OHSCrifle said:In reply to Driven5 :
good call
anybody have a preferred fiduciary investment advisor "company"?
Hi OHSCrifle,
For well over a decade, Warren Buffett has consistently said that most investors would do best by just putting everything in a S&P 500 Index fund and letting it ride.
I do statistical analysis for a living and I've studied investing strategies since my teen's (I'm 56 now) and I totally agree with him. Even if you have a large portfolio (say five million plus) making the cost of guidance, on a relative bases, trivial, you still have the randomness of getting guidance from one person (thought experiment - how consistent do you think the guidance from three, five, etc. blinded fiduciaries would be???).

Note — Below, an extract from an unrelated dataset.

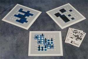 Auf dem selben Brett wird auch Tetrods gespielt. Von Alex Randolph als Solitärspiel ausgedacht, hat mit seiner Erlaubnis der Verleger Franjo Schulte ein Zweierspiel daraus gemacht. Und zwar ein sehr gutes! Ein Spieler hat 13 Holzpilze, der andere zwölf blaue Tetrods, das sind Kartonformen mit jeweils vier Feldern Grundfläche und einem Loch. Der Pilzspieler will Pilze nebeneinander pflanzen, der andere das verhindern. Dadurch, dass er ein Tetrod über den Pilz legt, so dass dieser aus dem Loch der Karton guckt. Damit ist zumindest ein Feld neben dem Pilz belegt, oft sind es auch mehrere.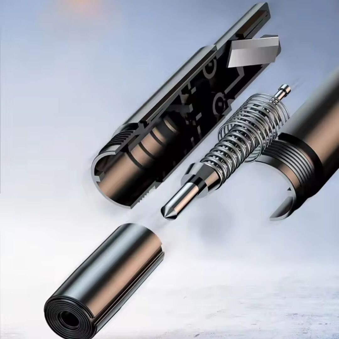 ✅ Brise-vitre haute pression – Ressort intégré et pointe en acier tungstène (dureté 55), force d’impact de 6 kg, capable de briser instantanément les vitres latérales trempées.

Honestly, the basics haven't changed over the last century (I hope I don't sound arrogant but, I'm not going to follow unconventional advice and I already know the conventional advice so what's the point?).
What I am willing to pay for is good legal / tax advice. I don't know what your specific situation is (portfolio size, retirement time horizon, special considerations, etc.) but I'd be seeking good estate planning guidance far, far more than I'd be seeking investment advice.
In terms of investment advice...income average, buy and hold, diversify, don't try to time the market, don't weaponize your investments (i.e. going for bragging rights over steady, predictable gains), aggressively avoid churning, fees, and taxes.
There you go...I self identify as a fiduciary and that's my honest, best advice.